New writes continue to create versions. The cache fills with pinned history. Background eviction threads cannot free these pages. The dirty ratio climbs. Once the dirty ratio crosses the eviction threshold and background threads cannot keep up, application threads perform eviction directly. That adds latency to every operation that touches the storage engine, even reads on unrelated collections.
The damage is often caused by one forgotten transaction rather than a workload shift. Because the transaction may be inactive, it produces no opLatencies or ticket utilization signal on its own. The only direct evidence is in the transaction counters and currentOp.
flowchart TD
A[Transaction opens] --> B[Snapshot pinned]

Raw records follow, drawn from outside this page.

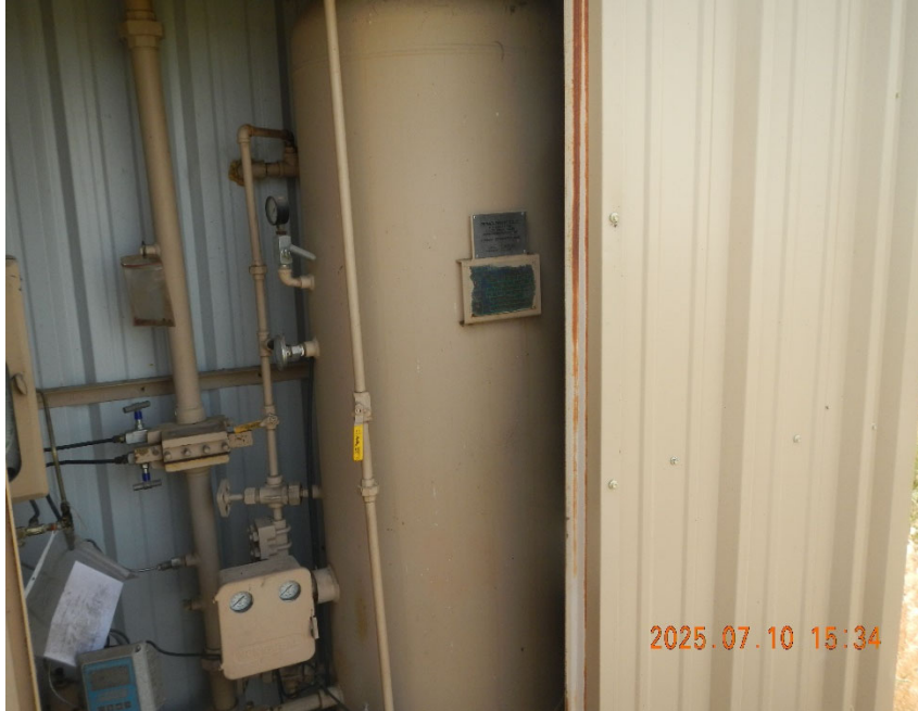
7. Vertical Separator inside shed.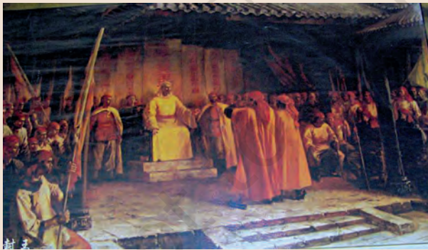
Fig. 16 – Taiping army meeting their leader

While the revolt was spreading in India in 1857, a massive popular uprising was raging in the southern parts of China. It had started in 1850 and could be suppressed only by the mid-1860s. Thousands of labouring, poor people were led by Hong Xiuquan to fight for the establishment of the Heavenly Kingdom of Great Peace. This was known as the Taiping Rebellion.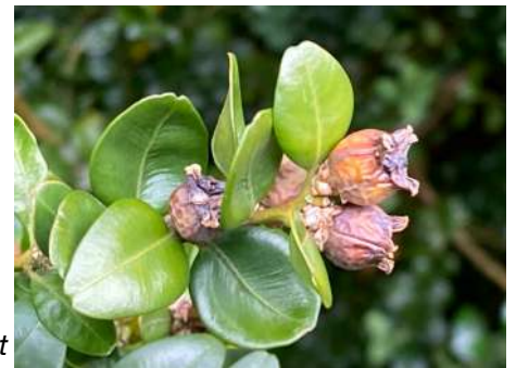
Box leaves and fruit

A native evergreen with small oval, shiny, leathery leaves, often notched at the tip. Grows well on chalk slopes, such as Box Hill in Surrey, named after the tree, but is planted all over the UK as hedging (as here) and for topiary (as at Levens Hall, Kendal). All parts of the boxwood plant are poisonous.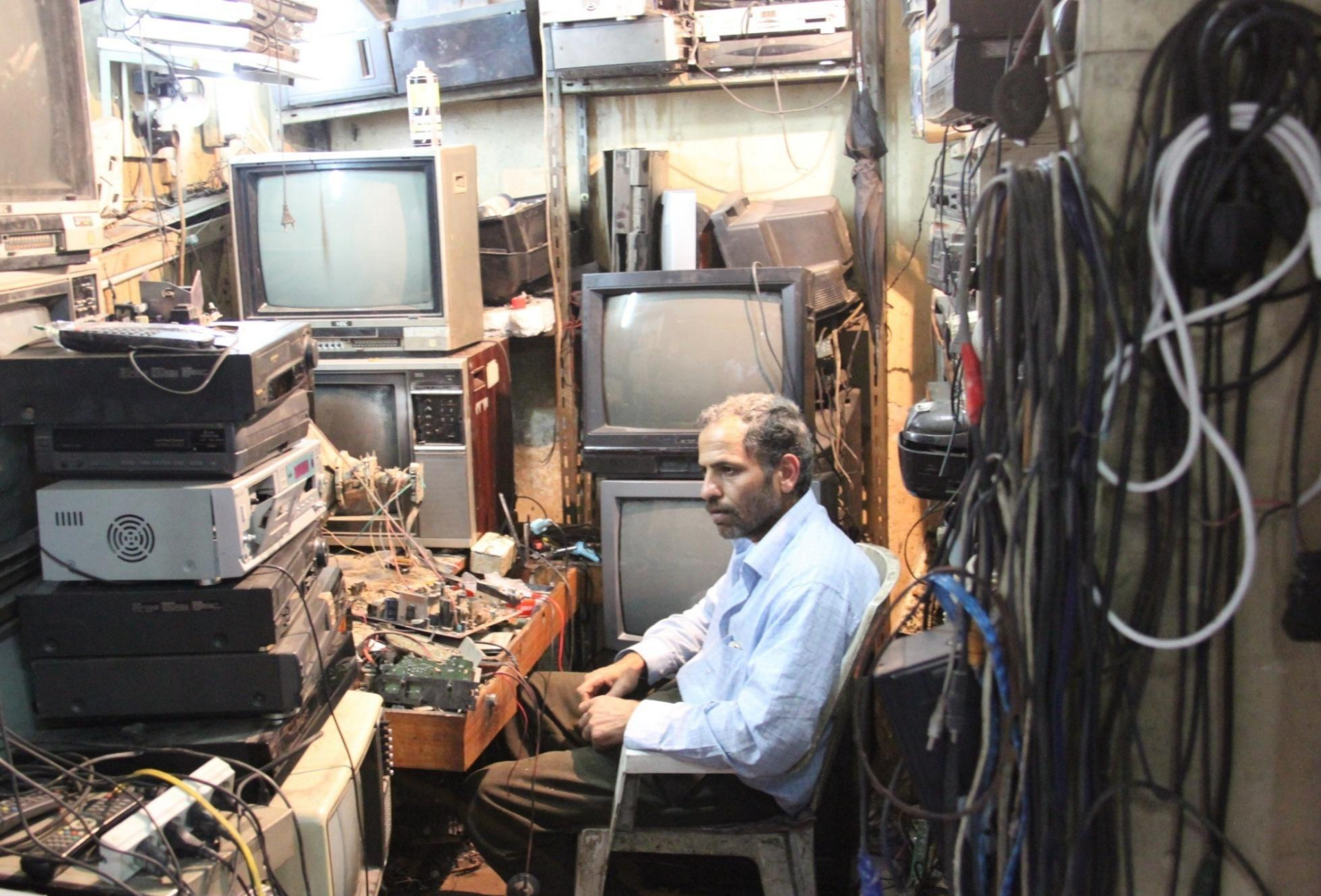
... shopping in Downtown Amman, looking for a new TV for our new flat ...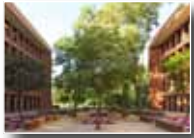
CENTURY PLAZA Columbia, MD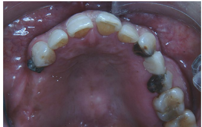
FIGURE 3 Titanium metal insert to check the allergic reaction. The small piece of Ti was cemented to the distal aspect of the maxillary right canine and observed for 6 mo

A two-stage implant placement protocol was undertaken. Firstly, the mandibular implants were placed. After healing, the maxillary implants were placed for the missing teeth. After a healing period of 4 months for mandibular implants and 6 months for maxillary implants, a second-stage surgery was performed for both the sites. Since the patient was not wearing any dental prostheses for her missing teeth, the natural teeth in the opposing arch (maxillary left first and second molars and mandibular right first and second premolars and first molar) were supra erupted. Therefore, to maintain the occlusal plane an intentional root canal treatment of the supra erupted teeth, followed by occlusal plane correction and composite resin restoration of the occlusal surface, was carried out. To achieve optimum crown length, surgical crown lengthening of the supra erupted teeth was performed in the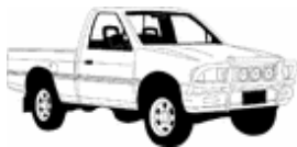
Pick Up Truck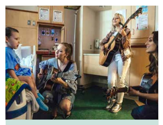
Musicians on Call, based in New York City, matches volunteer musicians with healthcare facilities to provide bedside music services. The program has now expanded to 20 cities throughout the nation.

There is nothing new about artists engaging in healthcare settings such as hospitals, hospices, nursing homes, and long-term care centers. For many decades, visual artists and performing artists have provided arts experiences that have enhanced the environment of care. But as experience, education, research, and professionalism have contributed to the ongoing advancement of arts in healthcare programs, best practices are emerging that can guide program administrators and artists in implementing programs that will yield clear benefits to patients and caregivers, and also comply with established standards for patient safety and professionalism.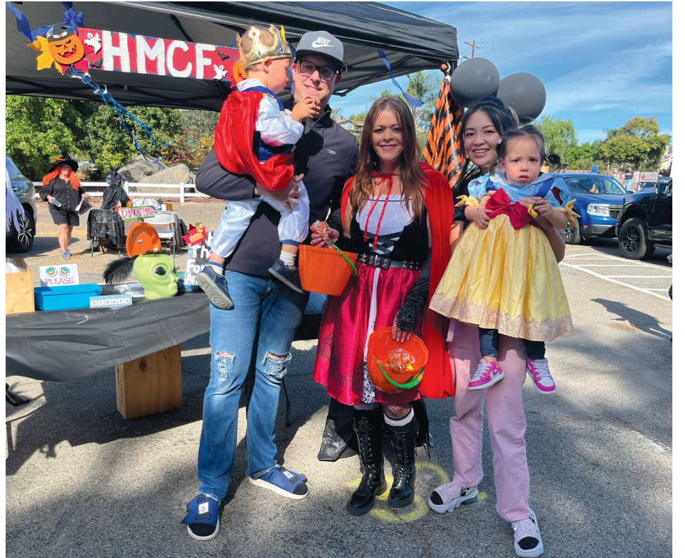
Cutest Couple – Snow White and the Prince (little brother)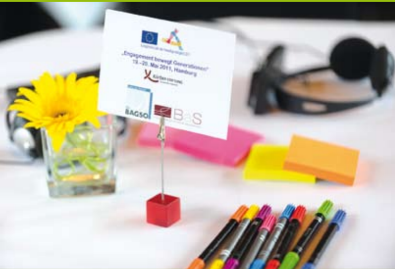
Pens, post-it notes, headsets: the conference begins.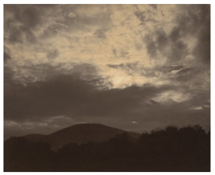
Alfred Stieglitz Music—A Sequence of Ten Cloud Photographs, No. III 1922 palladium print Key Set Number 795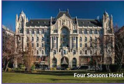
Four Seasons Hotel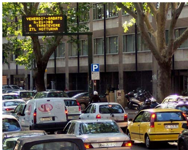
Figure 4: An overhead VMS (Variable Message Sign) warning of the ‘nocturnal’ access control scheme in Trastevere in May 2004. (PI).

The main objectives of both experiments were to provide a more enjoyable and safer environment for pedestrians accessing the two areas and test if the traffic limiting measures had a positive effect on business. Access to the areas was complemented with extra night bus and tram services – two for Trastevere and one for San Lorenzo – that provided access to and from nearby parking areas. In addition to the road pricing scheme, Rome introduced ‘spatial’ parking charges based on the principle that parking gets more expensive the closer it is to the city centre. The idea is to encourage parking at the periphery in order to reduce inner city congestion.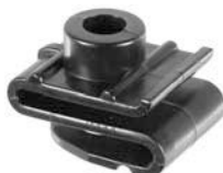
21378 (86825-28000) Black Nylon

Nylon "U" Nut M6 (#14) Screw Size Panel Range: Up To 1.5mm Center Of Hole To Edge: 8mm Hyundai Accent & Elantra and Kia 1995 – On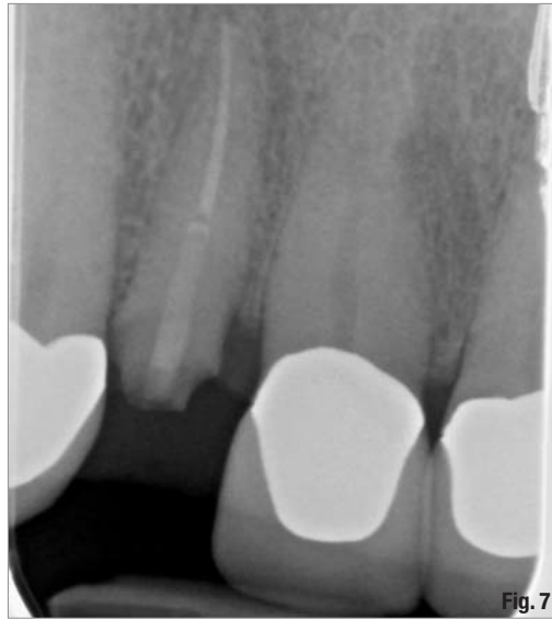
Fig. 7 A radiograph of a fractured maxillary lateral incisor with a glass fibre post.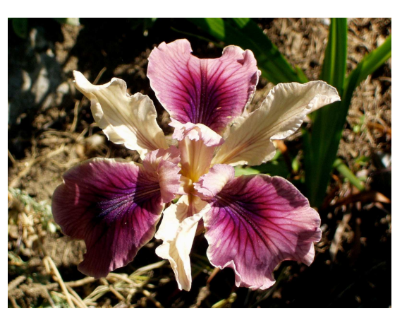
Liselotte Hirsbrunner's #4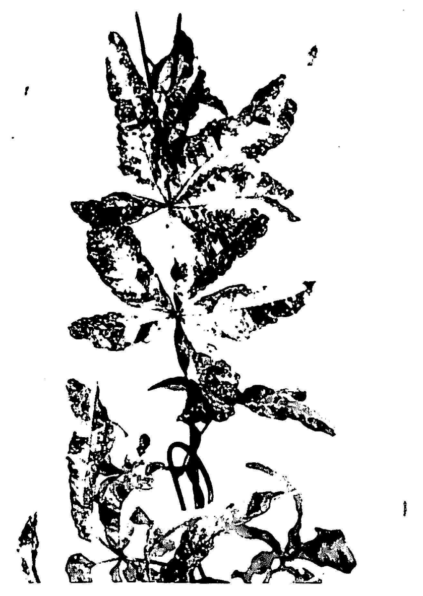
Fig. 4.—Mosaic-affected leaves of Ipomoea quinquefolia (causal agent—mosaic virus of Ipomoea quinquefolia ).

A seemingly new yellow mosaic destroyed a large bean planting of the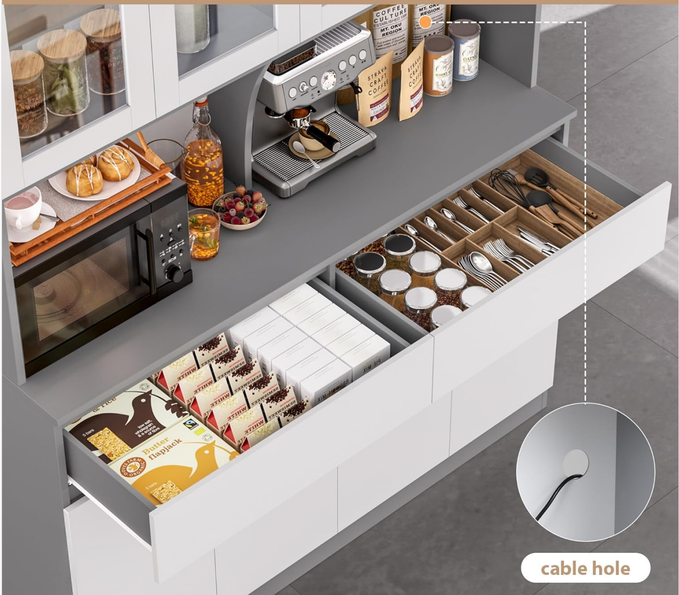
Figure 5.2: Detailed view of drawers and integrated cable management hole.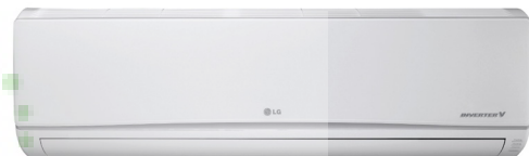
Multi F Standard High Efficiency Wall-Mounted Indoor Units

B --> C[Old versions retained in cache]
C --> D[Cache fill rises]
D --> E[Background eviction cannot free pinned pages]
E --> F[Dirty ratio climbs]
F --> G[Application threads forced to evict]
G --> H[Latency spikes across operations]
H --> I[Transaction commits or aborts]
I --> J[Snapshot released]
J --> K[Eviction resumes normally]Common causes
| Cause | What it looks like | First thing to check |
|---|---|---|
| Abandoned transaction after application crash or disconnect | currentInactive > 0 with old open time, no active client | db.currentOp for transactions with idle connections |
| Application logic holding a transaction open across external calls | currentActive > 0 for minutes with the same opid | Application logs and currentOp elapsed time |
| Lock contention triggering abort storms | totalAborted rising rapidly, queue depths growing | Lock wait times in serverStatus().locks |
| Transaction size overwhelming cache capacity | Aborted transactions correlating with cache pressure spikes | currentOp for large uncommitted transactions |
| DDL blocked by a transaction holding collection locks | Index builds or renames stalled on the same namespace | currentOp for operations waiting on locks |
Quick checks
# Check transaction counts and abort ratio
mongosh --quiet --eval 'var t=db.serverStatus().transactions; print("Active: "+t.currentActive+", Inactive: "+t.currentInactive+", Open: "+t.currentOpen+", Aborted: "+t.totalAborted+", Started: "+t.totalStarted);'
# List open transactions and their age
mongosh --quiet --eval 'db.currentOp({"transaction":{"$exists":true}}).inprog.forEach(function(o){print(o.opid+" | "+(o.transaction.timeOpenMicros/1000000).toFixed(1)+"s | "+(o.client||"internal"));})'
# Check cache pressure signals
mongosh --quiet --eval 'var c=db.serverStatus().wiredTiger.cache; var m=c["maximum bytes configured"]; print("Used: "+(100*c["bytes currently in the cache"]/m).toFixed(1)+"%, Dirty: "+(100*c["tracked dirty bytes in the cache"]/m).toFixed(1)+"%, AppEvict: "+c["pages evicted by application threads"]);'
# Check lock wait times by type
mongosh --quiet --eval 'var l=db.serverStatus().locks; for(var t in l){if(l[t].timeAcquiringMicros){for(var m in l[t].timeAcquiringMicros){print(t+" "+m+": "+l[t].timeAcquiringMicros[m]+" µs");}}}'
How to diagnose it
- Confirm cache pressure. Check
wiredTiger.cachefor used ratio above 80% or dirty ratio above 10%, and poll for increments inpages evicted by application threads. - Check
serverStatus().transactions. IfcurrentOpenis elevated andcurrentInactiveis greater than zero, a snapshot is pinned by an idle transaction. - Run
db.currentOp({"transaction": {"$exists": true}})to identify the specific transactions, theiropid, and their open duration intransaction.timeOpenMicros. - Compute the abort ratio:
totalAborted / totalStarted. A ratio above 50% indicates severe contention or repeated cache-pressure aborts. - Check
serverStatus().locksfor growingtimeAcquiringMicros. Collection-level waits suggest a transaction is blocking other operations on the same namespace. - Review the MongoDB log for transaction abort messages near the time cache pressure began. Aborts due to cache pressure or lifetime limit expiry are logged.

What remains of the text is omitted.